A grandfather of a former U.S. Naval Academy football player said Friday that his grandson is one of the three midshipmen charged in the sexual assault of a female student but that the young man told him he had nothing to do with the allegations.
The midshipman, Tra'ves Bush, declined to comment when reached on his cellphone Friday by The Associated Press.
“I'm not speaking on anything regarding that situation,” he said.
His grandfather, Jackson Bush, said in a telephone interview from Johnston, S.C., that Tra'ves Bush had an appointment with an attorney Friday. He said his grandson had a previous relationship with the woman making the accusations. But he said his grandson told him he doesn't know anything about the assault she says took place at off-campus house in Annapolis in April 2012.
“He knew the girl, but he didn't know that anything like that had taken place,” Jackson Bush said, referring to the allegations.
Two people with direct knowledge of the case identified the other two midshipmen as Josh Tate and Eric Graham. They spoke on condition of anonymity because they believe it is the Naval Academy's place to give the names, which it hasn't done yet. Relatives of the other two students could not immediately be reached for comment.

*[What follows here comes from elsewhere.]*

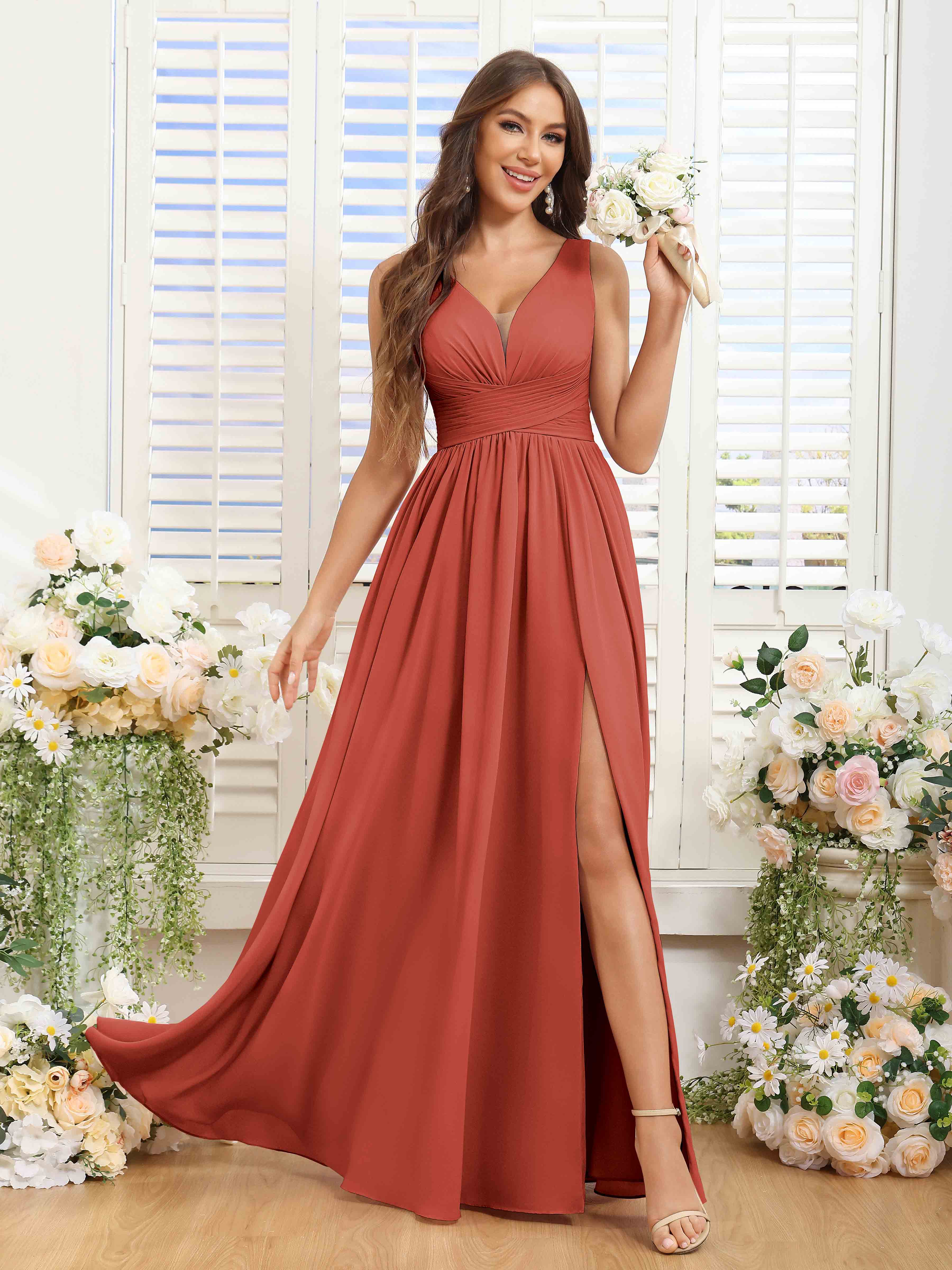 Robes De Demoiselle D'Honneur En Mousseline À Col V Ruché Eira

The Capital of Annapolis first reported the same names.
Academy spokesman John Schofield said names of military personnel are not made public until cases have advanced to a court-martial. Earlier this week, the academy announced that the case will go to Article 32 hearings, which are held to determine if there is evidence to proceed to a court-martial.
The midshipmen have been charged with two violations of the Uniform Code of Military Justice. One charge involves rape, sexual assault or other sexual misconduct. The other is for making a false official statement.
The woman, through her attorney, said she woke up with bruises after a night of heavy drinking and later learned from friends and social media that three football players she considered friends were claiming to have had sex with her while she was intoxicated and blacked out.
Tate was listed as a junior outside linebacker whose hometown was Nashville, Tenn., according to the 2013 roster information on navysports.com. Graham and Bush weren't on the current list, but Graham was listed on the 2012 roster as a senior cornerback from Eight Mile, Ala. Bush was listed on that roster as a senior safety from Johnston, S.C., and that he was one of Navy's best defensive players the previous season.
According to previous information released, two of the students were football players this past season, but they are not on the team anymore. Another is still on the team, but he has been suspended pending the outcome of the case.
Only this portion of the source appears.